Опрокинутый рейд
Шрифт:
Притом свободные от наряда казаки всей сотни нередко собирались во дворе подле избы и то пели хором, то затевали шуточную борьбу — чернобровые чубатые парни, любители подвигаться и посмеяться.
Впрочем, кроме Павлуши, никто не только из рядовых казаков, но и офицеров ни в какие отношения с ними не вступал. Будто не замечали. Жизнь шла монотонно. Варенцов раскладывал пасьянсы. Нечипоренко валялся в углу на кошме. Мануков, засунув руки в карманы брюк, почти безотрывно стоял у окна. Оживлялся он, только если на дороге кто-либо показывался.
В отличие от них Шорохов в доме почти не находился. Причина была
Ему быстро удалось составить себе полное представление о здешней воинской части: сто двадцать семь конных, батарея из двух четырех-с-половиной-дюймовых английских орудий. Командует сотней есаул Корниенко, сутулый угрюмый человек.
Конечно, и эти сведения имели ценность. Как и маршрут, по которому их везли, численность и вооружение полка под началом Антаномова, номера частей, вступивших в Козлов. Главным все же было другое: фамилии деятелей, возглавивших Козловскую контрреволюцию, обращение Мамонтова к жителям, распоряжения военных и местных белых властей и, наконец, весь разговор начальника штаба корпуса и Манукова в усадьбе о ближних и дальних целях казачьего рейда, рассуждения самого Манукова на пути к этой деревне.

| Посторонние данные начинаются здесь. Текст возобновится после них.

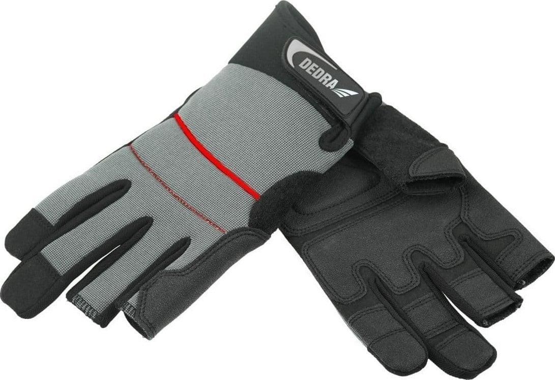Odkryj niezawodne rękawice robocze ze skóry syntetycznej DEDRA BH1014R10 z wypełnieniem z pianki EVA, dostępne w rozmiarze 10 - idealne narzędzie dla Twojej ochrony podczas pracy! Czy szukasz rękawic, które zapewnią Ci zarówno doskonałą ochronę, jak i wygodę? Rękawice DEDRA BH1014R10 są stworzone z myślą o Tobie! Wykonane z wysokiej jakości skóry syntetycznej, te rękawice są wytrzymałe i odporne na uszkodzenia, zapewniając niezawodną ochronę Twoich dłoni podczas wykonywania różnych zadań. Bez względu na to, czy pracujesz w warsztacie, ogrodzie czy w innych warunkach, gdzie wymagana jest ochrona rąk, rękawice DEDRA BH1014R09 będą Twoim niezastąpionym partnerem. Wypełnienie z pianki EVA dodaje dodatkowej ochrony i wygody. Ta elastyczna pianka doskonale amortyzuje wstrząsy i uderzenia, minimalizując narażenie Twoich dłoni na niebezpieczeństwa i zmęczenie. Możesz wykonywać swoje zadania z większą precyzją i komfortem, dzięki odpowiedniemu wsparciu oferowanemu przez rękawice DEDRA BH1014R10. Rozmiar 10 zapewnia doskonałe dopasowanie do Twoich dłoni, co przekłada się na wygodę i swobodę ruchu. Bez względu na to, czy wykonujesz precyzyjne zadania czy pracujesz z narzędziami, te rękawice doskonale przylegają i pozostają na swoim miejscu, dając Ci poczucie pewności i kontroli. Podnieś jakość swojej pracy i zadbaj o ochronę swoich dłoni. Zamów rękawice robocze ze skóry syntetycznej DEDRA BH1014R10 już dziś! To inwestycja w Twoje bezpieczeństwo i wygodę, która przyniesie Ci zadowolenie na każdym kroku. Niezwłocznie wybierz rękawice DEDRA BH1014R10, które zapewnią Ci niezawodną ochronę i komfort podczas wykonywania zadań. Twoje dłonie zasługują na to najlepsze! Rękawice robocze model BH1014R10 to idealny wybór do ochrony Twoich dłoni, przy wykonywaniu różnorodnych prac wymagających precyzji i dobrego czucia, jak konserwacja i naprawa, montaż, obsługa sprzętu czy majsterkowanie. Wierzchnia część rękawicy wykonana jest z elastycznego spandexu, co zapewnia idealne dopasowanie, a brak końcówek 3 palców zapewnia lepsze czucie dłoni. Rękawice posiadają wzmocnienia z wypełnieniem z pianki EVA - wzmocniona poduszka na części chwytnej chroni przed odciskami i wibracjami, co sprawdzi się podczas prac z narzędziami udarowymi i elektrycznymi. Cechy: Brak końcówek 3 palców (kciuk, palec wskazujący i serdeczny) zapewnia lepsze czucie dłoni Skóra syntetyczna z wytrzymałym teksturowanym wzmocnieniem PVC Wzmocnienia z wypełnieniem z pianki EVA Specjalny materiał na kciuku - zbliżony do froty, do otarcia potu Elastyczny mankiet na rzep Dane Techniczne: Rozmiar: 10 Kolor: wierzch - szary / spód - czarny Wyprodukowane zgodnie z normą EN ISO 12420

Когда Шорохов той ночью, в отцовском сапожном сарае, обсуждал со связным возможности, которые могла открыть поездка в компании Манукова, почти пределом мечты было хоть что-то узнать о потребностях казачьего войска в провианте, сбруе, обозном имуществе. Теперь же в его руках оказались сведения наиважнейшие, самые срочные. Изложенные на полосках тонкой бумаги, они теперь бесполезно томились между двойными стенками шороховского портсигара. И сколько еще будут томиться?
К их избе примыкал сад. Росли в нем одичавшие яблони, вишни. Время от времени Шорохов приходил туда, присаживался на завалинку. Можно было сидеть, ни о чем не думая. Казалось, и боль в боку при этом стихает.
Однако уже вскоре возвращалось беспокойство: что если в деревне появился связной? Местных жителей тут нет, привлечь к себе подозрение очень легко… Либо, не увидев его, пойдет дальше.
Он покидал сад. Снова и снова, как бы прогуливаясь, кружил по деревушке.
На следующий день утром, во время завтрака, Варенцов обратился к Манукову:
— Николай Николаевич! Чего мы тут ждем?
— Наступления на Раненбург.
— И долго ждать?
— Я не генерал Мамонтов и не начальник его штаба.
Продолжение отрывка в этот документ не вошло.